A agenda de gênero entrou nessa mesma sintonia: passou a ser qualificada como uma propaganda “comunista”. Portanto, para excluir uma “agenda de gênero”, o governo federal e seus apoiadores propuseram criar uma “escola sem partido”. Desnecessário explicar o contraditório de uma escola sem partido justamente por incluir “um determinado” partido!
No momento o País vive a destruição de uma política de gênero. O termo “gênero” passou a ser proibido pelo governo federal, pelo Ministério da Educação, foi excluído dos livros escolares. Enquanto no mundo civilizado a ciência acordou justamente para incluir em suas pesquisas a dimensão gênero – pesquisando o masculino e o feminino -, aqui voltamos para o período medieval. Os ministros acompanham o presidente nessa campanha antigênero. O quadro fica completo quando se analisam as ações do Ministério da Mulher, Família e Direitos Humanos – que lidera a política de guerra a gênero. Sua ministra é contra políticas de educação sexual, contra aborto, inclusive de adolescentes e em casos de estupro ou incesto, e para completar agora propõe que os jovens se abstenham de ter relações sexuais até o casamento.
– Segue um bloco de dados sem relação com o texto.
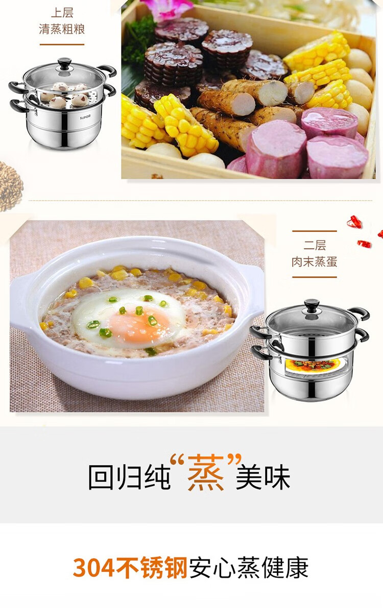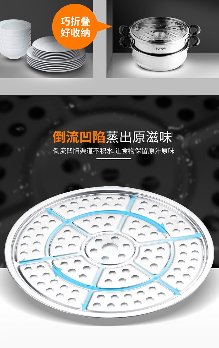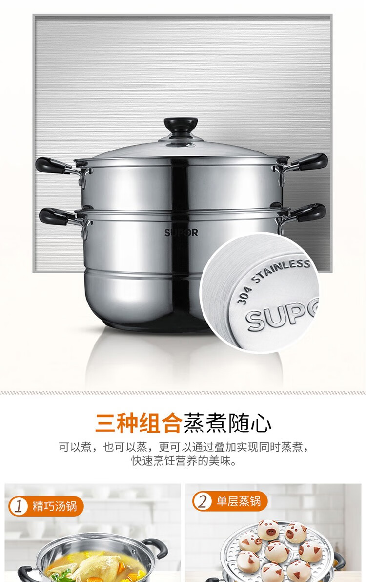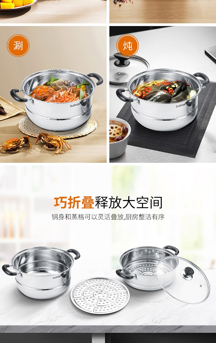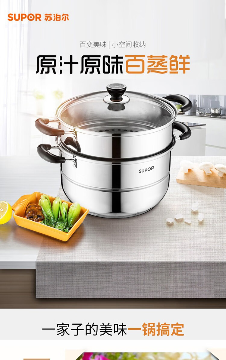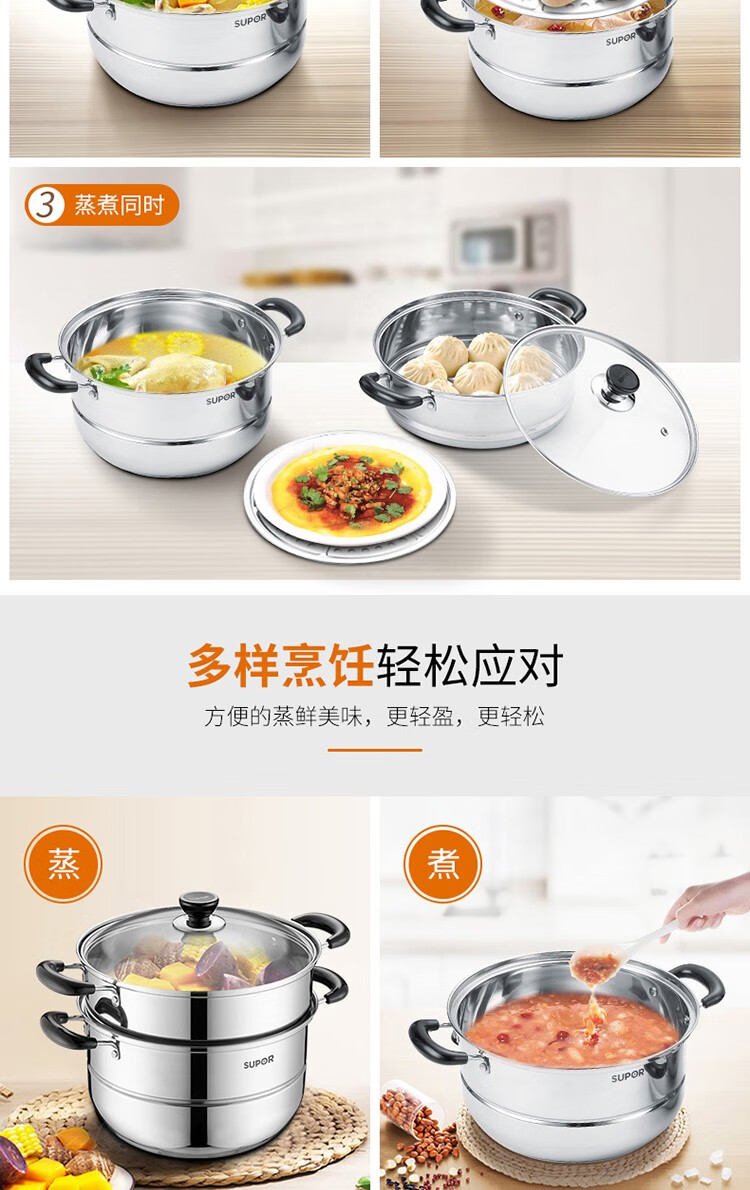苏泊尔(SUPOR)蒸锅不锈钢双层复底汤锅二层蒸笼家用 SZ26B7: 蒸锅

Resultados são visíveis: aumentou a mortalidade materna, sobretudo de jovens adolescentes.
O quadro autoritário descrito tem estimulado reações bastante intensas que pretendem estancar a erosão da democracia. Nas universidades e nos organismos científicos há intensas manifestações: esse meu pronunciamento crítico ao apagamento da questão de gênero só é possível justamente porque faço parte de uma universidade que é aberta às várias formas de conhecimento, não censura nem impede todas as vertentes inovadoras. Os movimentos sociais estão relativamente nublados, mas os partidos políticos reacenderam a antiga ebulição contestadora. Como vivemos um regime presidencialista, grandes manifestações se articulam aos períodos eleitorais. Começam a despontar reações ao movimento fascista do governo atual e os dados de pesquisa têm mostrado que as mais intensas reações provêm da população feminina.
A cada dia é preciso lembrar à sociedade que somos pessoas com direitos humanos. Já nos confundiram com seres dotados apenas de um útero, destinadas à procriação; destinos determinados por um corpo sem inteligência, desprovido de vontade própria, subserviente a outro ser. Ainda hoje se supõe que “as” mulheres são um grupo homogêneo, quando muito uma massa trabalhadora.
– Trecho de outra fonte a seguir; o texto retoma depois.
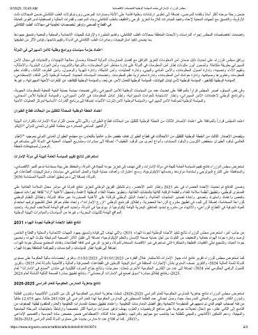 صﺎﺨﻟا عﺎﻄﻘﻟاو ﺔﯿﻠﺤﻤﻟاو ﺔﯾدﺎﺤﺗﻻا تﺎﮭﺠﻟا دﻮﮭﺟ ﻖﯿﺴﻨﺗو ةدﺎﯿﻗ ﻰﻟإ فﺪﮭﺗ ﻲﺘﻟاو ،2031 ءاﻮﮭﻟا ةدﻮﺠﻟ ﺔﯿﻨطﻮﻟا ةﺪﻨﺟﻷا ﺬﯿﻔﻨﺗ ﺞﺋﺎﺘﻧ ءارزﻮﻟا ﺲﻠﺠﻣ ضﺮﻌﺘﺳا ،ﺮﺧآ ﺐﻧﺎﺟ ﻦﻣ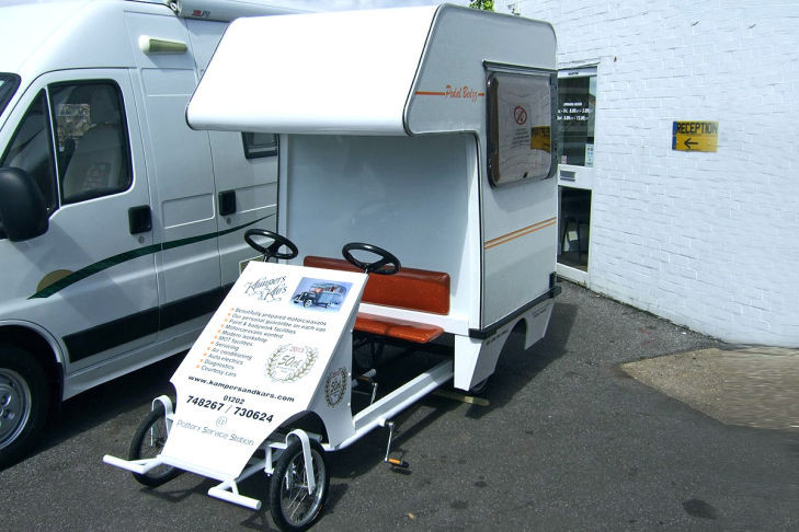 Nu is das ja hier gelandet von wegen Womo-Kuriositäten - und das Format ist in der Tat ungewöhnlich. Am meisten stechen mir allerdings die beiden Lenkräder ins Auge. Und meine krude Fantasie spinnt natürlich rum, was, wenn der eine nach links und der andere nach rechts lenkt? 8) Für die "Trockendenker" - selbst wenn beide Lenkräder "zusammengeschaltet" sind, ist das ganze ein spannendes Kräftemessen.... ;) ...einer kann sich doch vom Fahren hinten zu ausruhen reinlegen...der andere fährt solang! Wurde in GB gebaut,daher Rechtslenker und wie man schon am Fahrer erkennen kann gibt er die Richtung vor.das linke Lenkrad ist wie beim Autoscooter nur Attrappe :kuller: franz ![]() was macht der Truck auf dem Campground ? ![]() doch kein Truck.. ![]() Wie der wohl innen aussieht ? Netzfundstücke :) ![]() Sieht aus wie aus einem Mad Max Film! :D :lach: ![]() Noch ein Netzfundstück: ![]() Moin , das hier ist zwar schon etwas älter , aber trotzdem genial : [youtube]https://www.youtube.com/watch?v=56XL0TysIn0[/youtube] Übrigends - ein toller Tread . PP Scheint etwas kommerzielles zu sein, habe ich aber noch nie gesehen. Eine Pickup/Dachzelt Kombi. RK Northstar, stand schon vor 3 Jahren an der Caravan Messe in Bern, habe ich auch schon in Stuttgart an der CMT gesehen. Ernst Hallo an Alle, nachdem ich schon so viel über das jährliche Selbstausbauer-Treffen --> Link gehört und gelesen habe, bin ich in diesem Jahr zum ersten Mal selbst dabei (mein Grenzland ist zwar nicht selbst ausgebaut, aber doch kräftig "veredelt"); ausserdem sind dort auch Womo's "von der Stange" gern gesehen... Ich werde fleissig Fotos machen und bei Interesse hier einstellen. Liebe Klaus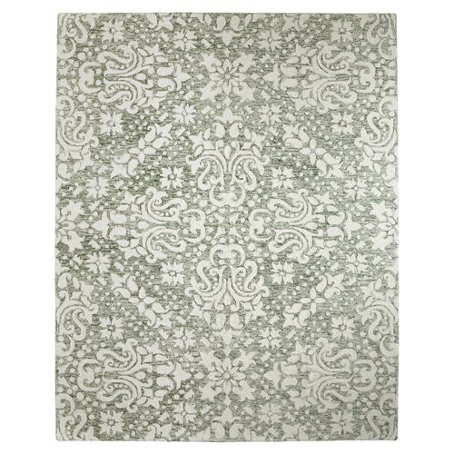 Charm blossoms within the Maely Area Rug. Hand-hooked from pure wool, the .5" thick looped pile features a heathered green and deep sage ground patterned with ivory floral damask for a design that complements a variety of decor tastes. The wool's natural lanolin provides resistance to fading, water, and stains. Backing is cotton. We recommend professional cleaning by a rug cleaner. Imported.

Os feminismos vieram atuar em espaços historicamente construídos e tiveram de desconstruir ideologias que desumanizam, em geral, as mulheres e, em particular, as negras, as indígenas, as pobres, as estrangeiras. Múltiplos movimentos feministas, grupos de mulheres de todas as classes sociais, se conscientizaram e se organizaram pelo Brasil, formando redes, muito antes da internet. As lutas feministas estimularam reivindicações por direitos sociais igualitários além das mulheres, dos negros, dos homossexuais e de outros grupos sociais marginalizados.
A história dos movimentos feministas ensina que precisamos ficar alertas: avançamos muito, mas os riscos de retorno estão no trajeto. As conquistas não são definitivas, se perdem se não houver um constante alerta.
(*) Eva Alterman Blay é professora emérita da Faculdade de Filosofia, Letras e Ciências Humanas (FFLCH) da USP.